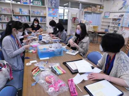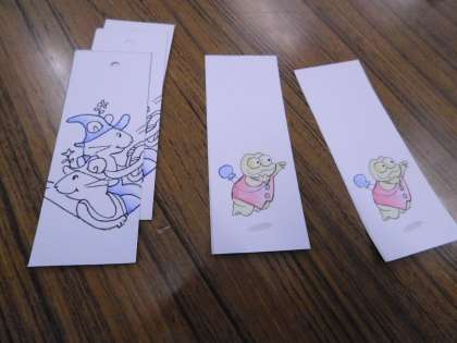 この日は、本に挟む「しおり」を作ってくださっていました。
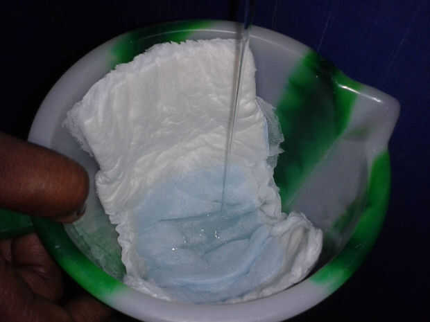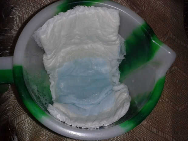 Vierta agua a la taza y ver en un segundo pañal lameculos agua completamente. Ver la última imagen. Pero no llene la parte superior, sólo un pañal su chupa solamente hasta su capacidad.
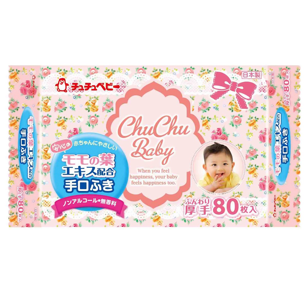 チュチュベビーの手口ふきはノンアルコールで無香料。モモの葉エキス配合のふんわり厚手です。コンパクトタイプなので持ち運びも便利です。お肌に優しいソフトで厚手対応の不織布が綺麗に汚れをふき取るウェットシートです。水が主成分だから赤ちゃんのお肌に安心してお使いいただけます。詰め替えの要らない、1枚ずつ簡単に取り出せるティッシュタイプ。
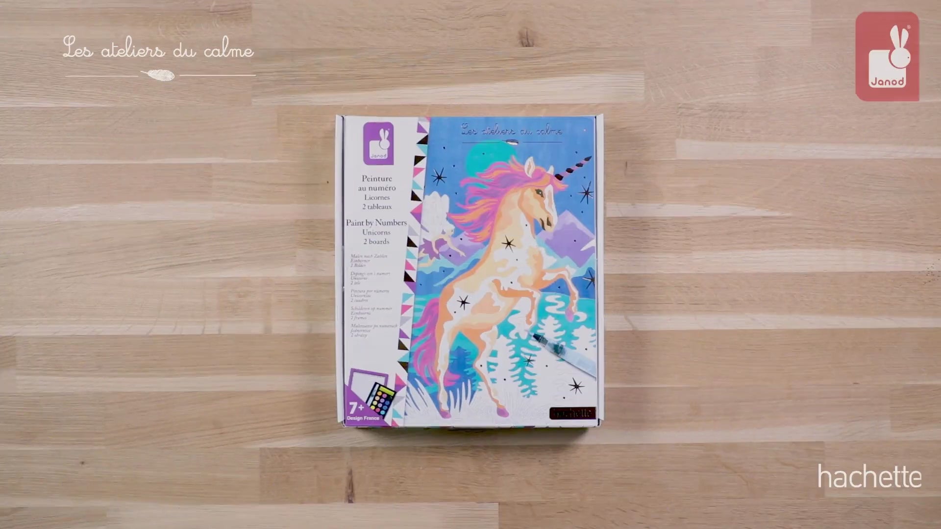 A palette of 15 watercolour paints, a sponge and a brush with water reservoir make this set an original activity. An explanatory booklet indicates the colour correspondence of each number. One of the two paintings has gilding effects for an even more spectacular result.
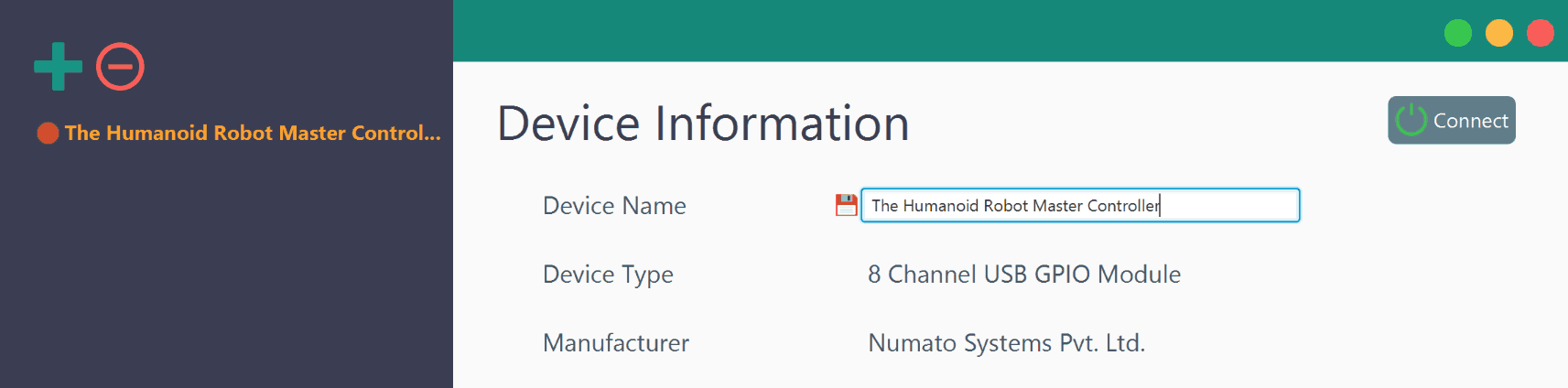 Each connected device has an associated Device Information panel. This panel can be viewed by simply clicking on the device name in the device tree on the left. Device information panel displays all relevant information about the selected device such as name, IP/Port etc.. This panel also allows the user to edit several of the fields as well. One of the most useful fields is the device name field. This field allows the user to change the device name to something that makes more sense in the specific context. For example, naming a relay module used for controlling lighting “Floor Lighting Controller”  makes more sens that simply leaving the name “8 Channel USB Relay Module”. This is especially helpful when there are several devices connected to the same PC and is being controlled by Rhea.
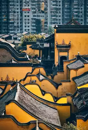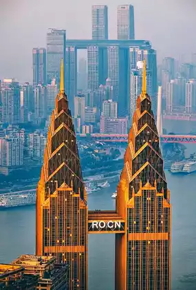 π12β£: "Chongqing Himalaya Executive Residence," where ancient and modern converge, framing the Qianfo Temple and Raffles City together.
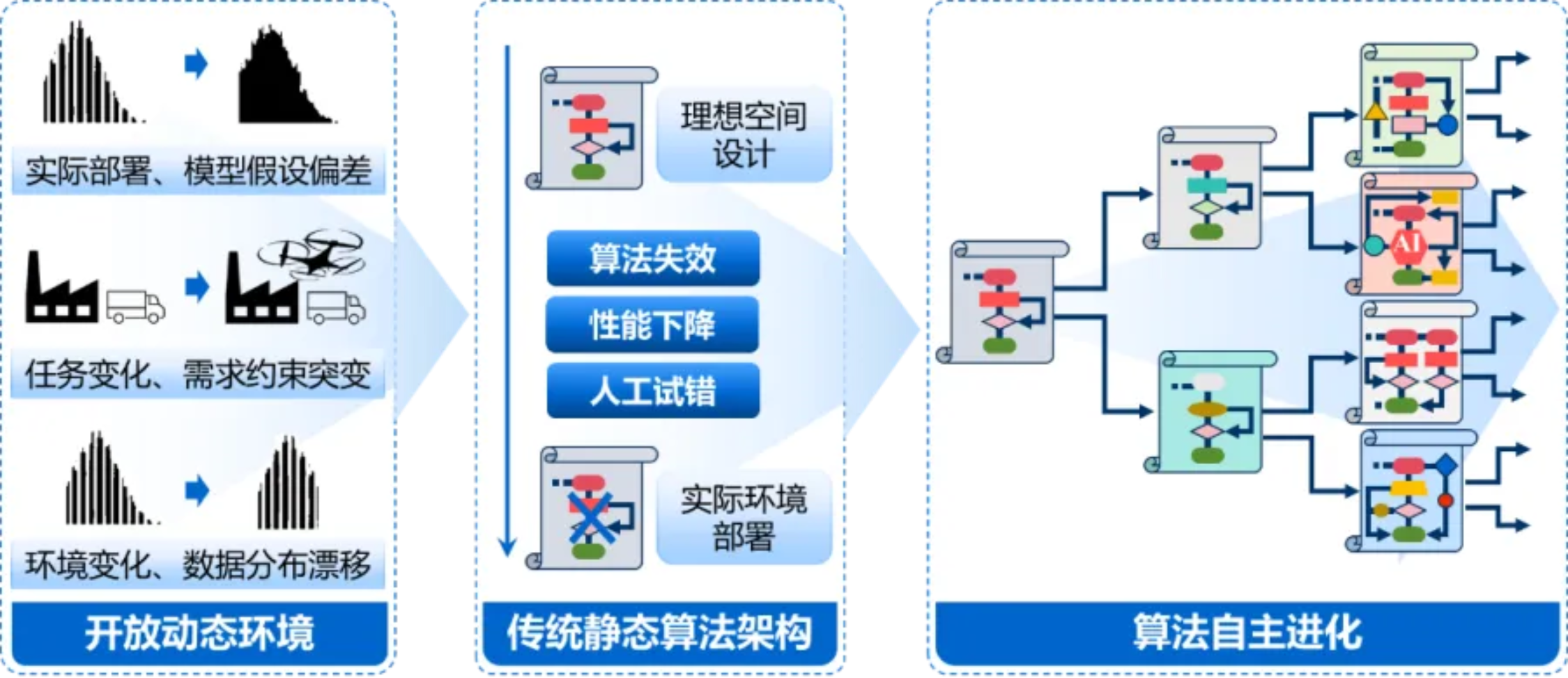 算法是人工智能的核心基石,当前,人工智能领域面临的关键挑战之一,即是静态算法架构与动态应用需求之间存在根本性矛盾。围绕国家新一代人工智能发展规划战略,项目聚焦军事指挥决策中任务规划算法面临的性能瓶颈,针对开放动态环境下算法适应性弱、迭代效率低等核心问题,开展面向开放动态环境的智能算法自主进化研究,旨在推动人工智能从“人工设计主导”向“系统自主演化”的范式转变,为防空反导等高实时性、强对抗性军事场景中的智能优化算法提供可演进、可扩展的架构级技术支撑。
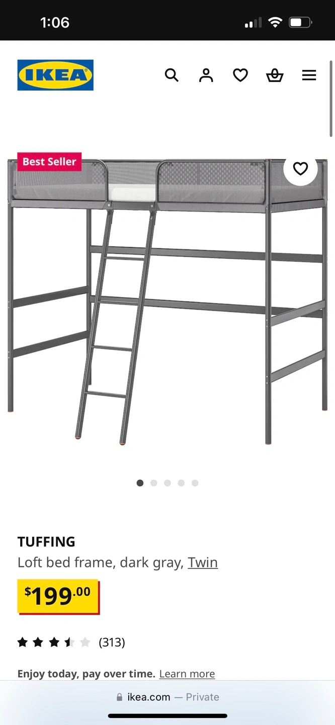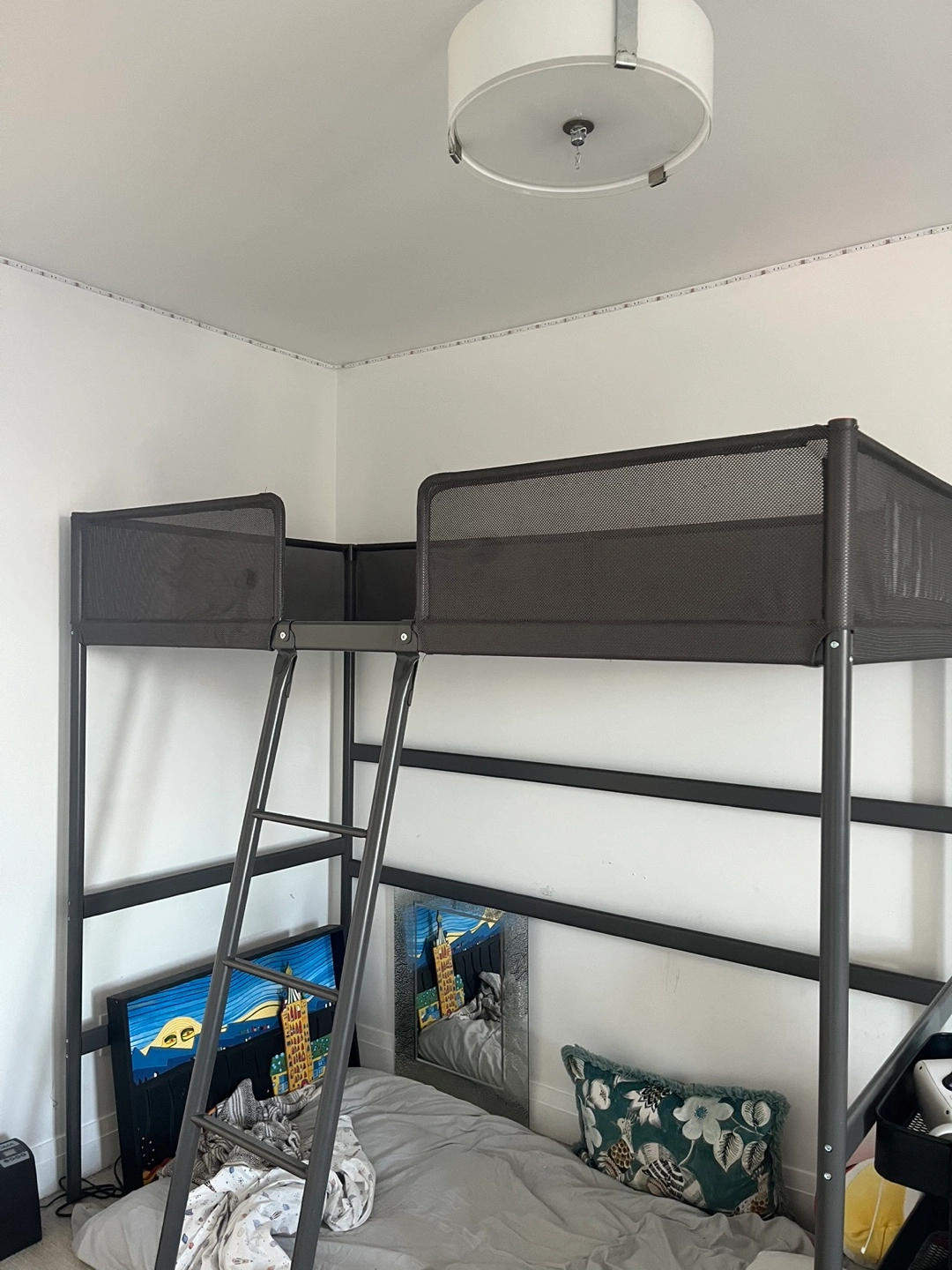 Dark gray twin loft bed frame. Includes ladder. Good condition. 8/10 condition as there are some minor scratches/stains on netting. But 0 holes and 0 stains that cannot be removed.
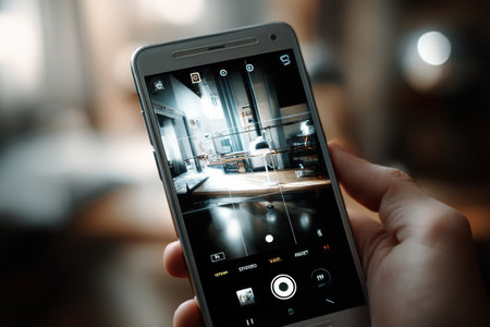A hand holding a smartphone frames a person deep in thought, surrounded by soft light in a charming indoor location, showcasing creativity and focus.
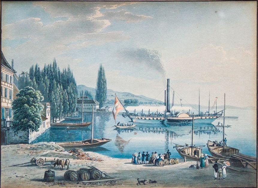Bateau à aube quai des Bergues, lithographie rehaussée, 15x21 cm
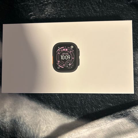 Apple Watch Ultra smartklokke med natural titan-kasse og safirglass. Inkluderer Alpine Loop M og black Solo Loop size 4. Smartklokken har GPS og E-SIM. Leveres med lader og original emballasje.
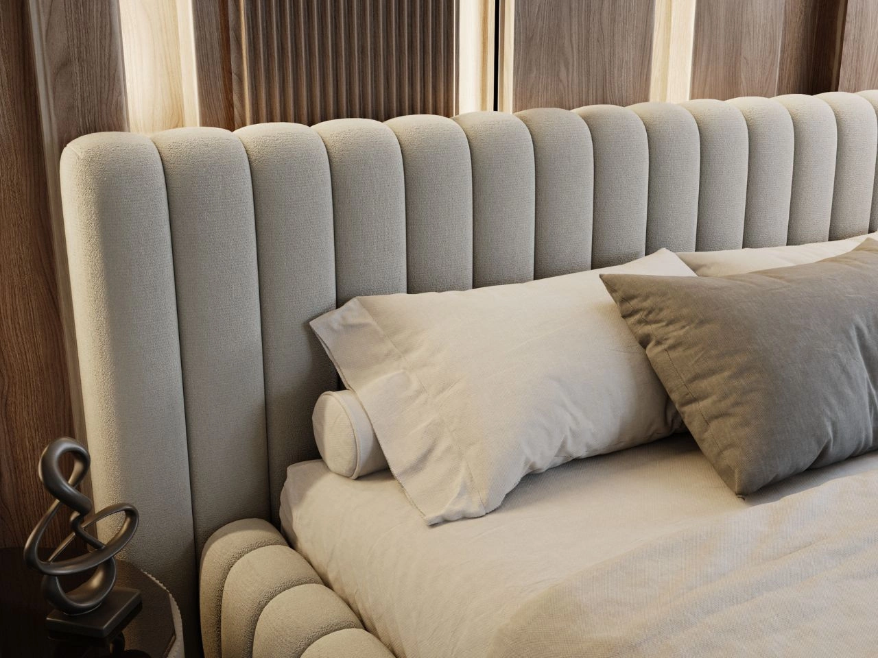 Łóżko tapicerowane Bliss to stylowe połączenie elegancji i funkcjonalności, które doskonale odnajdzie się w każdej sypialni – od nowoczesnych aranżacji, przez styl glamour, aż po klasyczne wnętrza. Jego charakterystycznym elementem jest efektowne wezgłowie, wykonane z miękkiej pianki i podzielone na symetryczne segmenty, które nadają całości wyjątkowego charakteru. Oprócz walorów wizualnych, wezgłowie pełni również funkcję praktyczną – zapewnia wygodne oparcie podczas wieczornego relaksu z książką lub przed telewizorem.
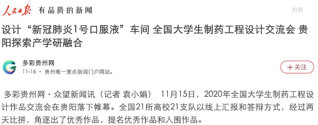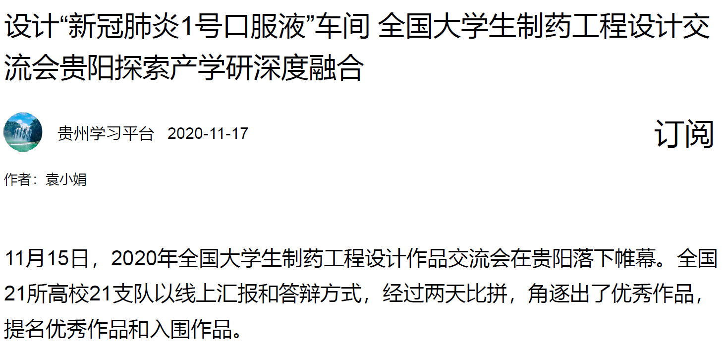 本届全国大学生制药工程设计作品交流会由中国药学会主办,贵州理工学院与贵州省药学会承办,中国医药集团联合工程有限公司和上海东富龙科技股份有限公司协办,行业关注度较高,人民日报、学习强国、众望新闻、天眼新闻等媒体均对本次大赛会议进行报道。我校及化学院高度重视,认真动员组织及全程指导学生参赛,最终喜获佳绩;从中展示岭南师范学院育人质量成果及制药工程专业在培养学生工程设计能力、创新能力等方面取得的成效,极大提高了制药工程专业的社会辐射力。
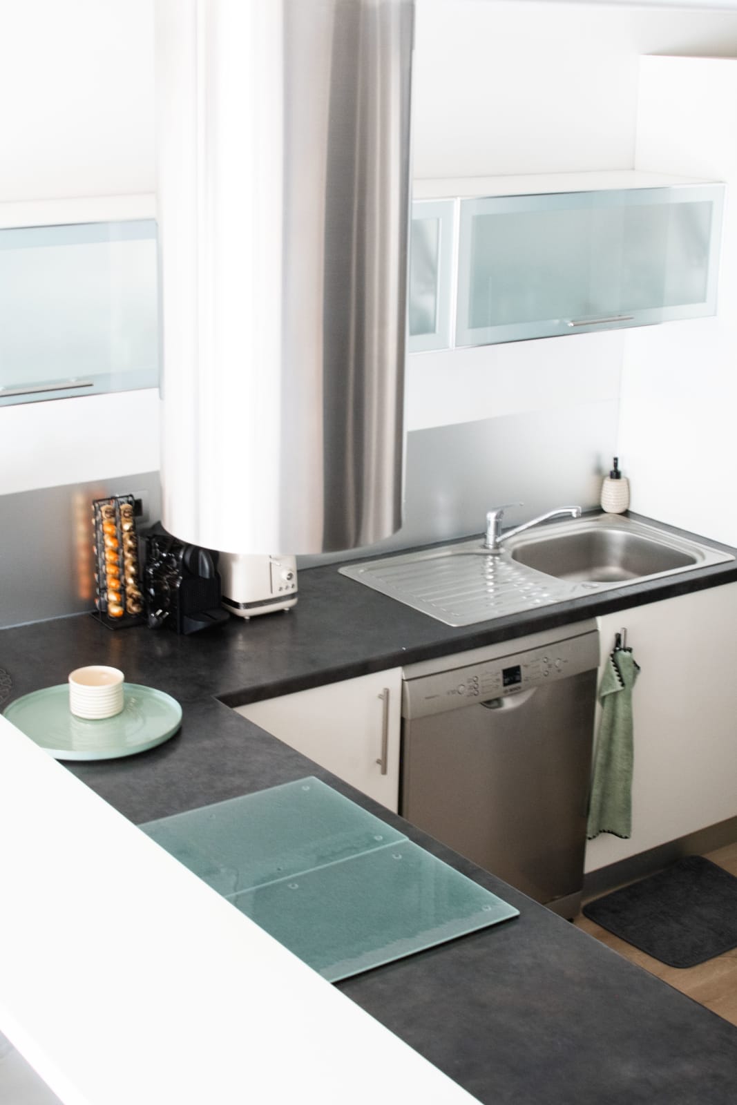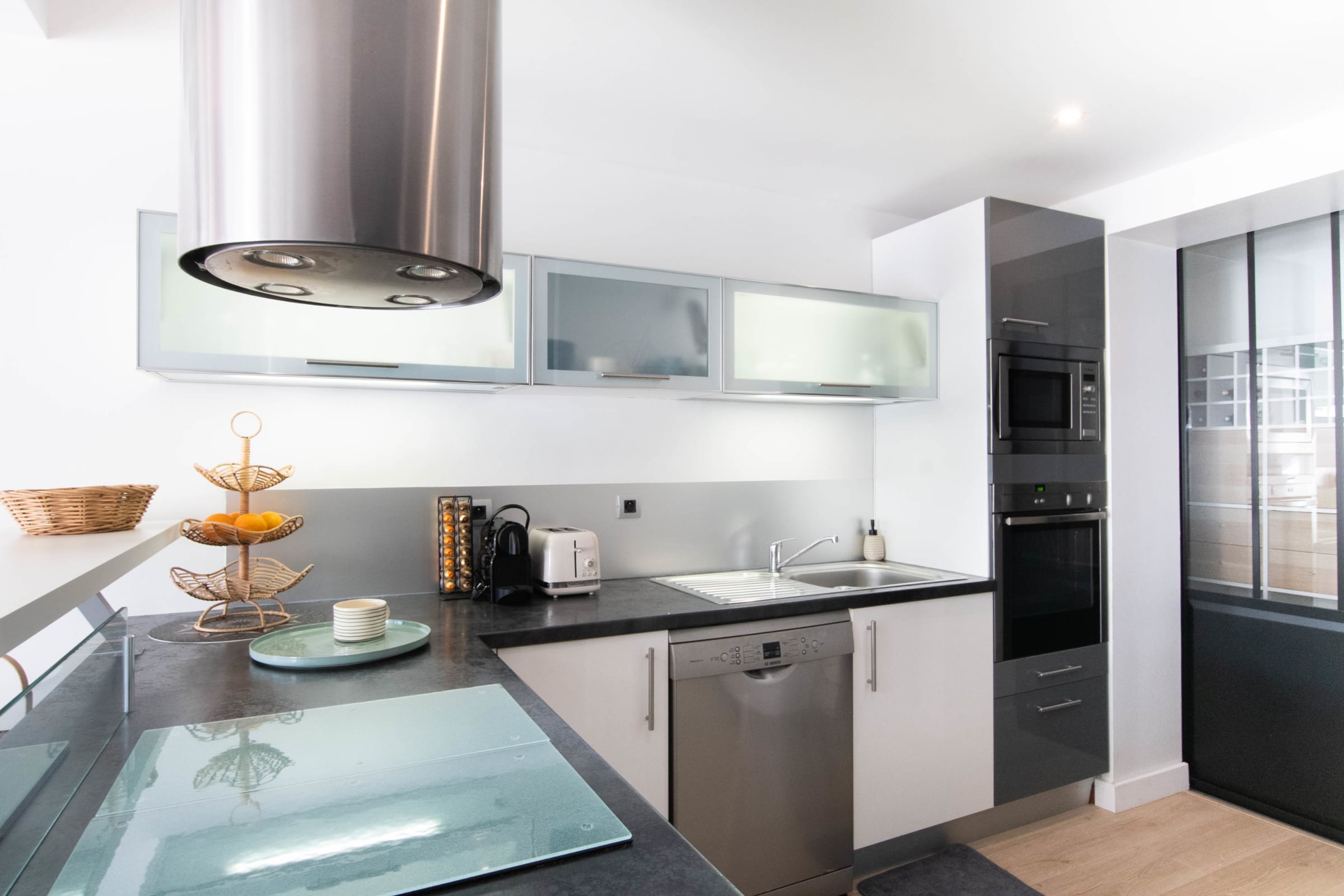 Oven, stovetop, fridge, Nespresso machine, cookware and utensils—everything you need to cook easily.
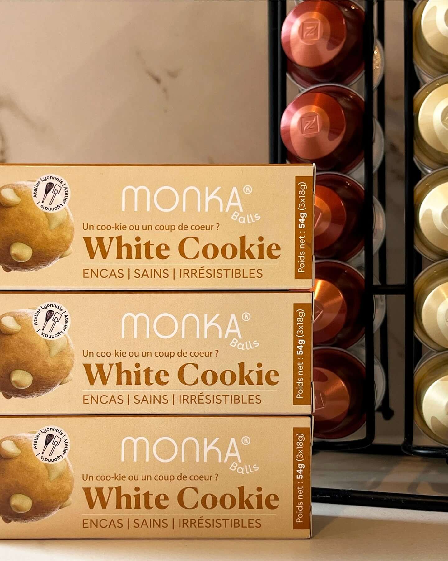 C'est le moment idéal pour craquer sur leur douceur ! Le goût de cookie au chocolat blanc est exactement ce qu'il faut pour cette pause où on a besoin de réconfort et d'énergie. Contrairement aux biscuits ou barres chocolatées qui vous laissent sur votre faim, les Monka Balls White Cookie vous calent vraiment pendant 3-4 heures grâce à leur richesse en protéines (11g) et en bonnes graisses. Le combo parfait avec un cappuccino ou un latte vanille.
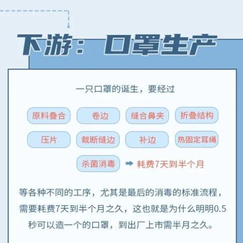 尤其是最后的消毒標(biāo)準(zhǔn)流程,需要耗費(fèi)7天到半個(gè)月之久,這也是為什么明明0.5秒可以造一只口罩,到真正上市買賣的時(shí)間大家都覺得很久。
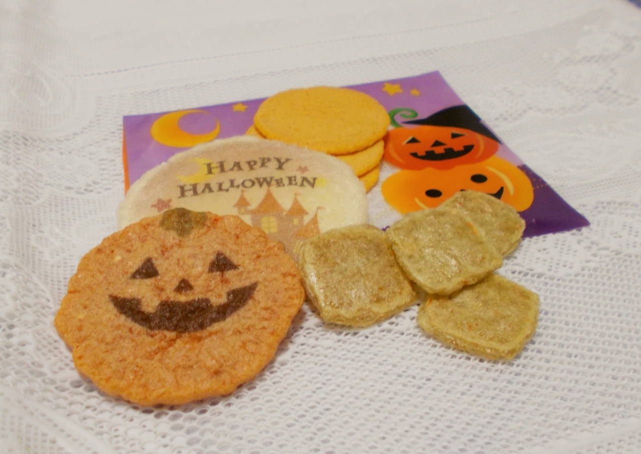 ハロウィン1枚とかぼちゃお化け1枚と南瓜えびせんべい3枚と緑松風4枚入。

■ Aim of the task: May I have only the lines from the start of the data through the line containing "Raffles City together.", both included, reproduced exactly and without the pictures?

■ Expected answer:
 この日は、本に挟む「しおり」を作ってくださっていました。
 Vierta agua a la taza y ver en un segundo pañal lameculos agua completamente. Ver la última imagen. Pero no llene la parte superior, sólo un pañal su chupa solamente hasta su capacidad.
 チュチュベビーの手口ふきはノンアルコールで無香料。モモの葉エキス配合のふんわり厚手です。コンパクトタイプなので持ち運びも便利です。お肌に優しいソフトで厚手対応の不織布が綺麗に汚れをふき取るウェットシートです。水が主成分だから赤ちゃんのお肌に安心してお使いいただけます。詰め替えの要らない、1枚ずつ簡単に取り出せるティッシュタイプ。
 A palette of 15 watercolour paints, a sponge and a brush with water reservoir make this set an original activity. An explanatory booklet indicates the colour correspondence of each number. One of the two paintings has gilding effects for an even more spectacular result.
 Each connected device has an associated Device Information panel. This panel can be viewed by simply clicking on the device name in the device tree on the left. Device information panel displays all relevant information about the selected device such as name, IP/Port etc.. This panel also allows the user to edit several of the fields as well. One of the most useful fields is the device name field. This field allows the user to change the device name to something that makes more sense in the specific context. For example, naming a relay module used for controlling lighting “Floor Lighting Controller”  makes more sens that simply leaving the name “8 Channel USB Relay Module”. This is especially helpful when there are several devices connected to the same PC and is being controlled by Rhea.
 π12β£: "Chongqing Himalaya Executive Residence," where ancient and modern converge, framing the Qianfo Temple and Raffles City together.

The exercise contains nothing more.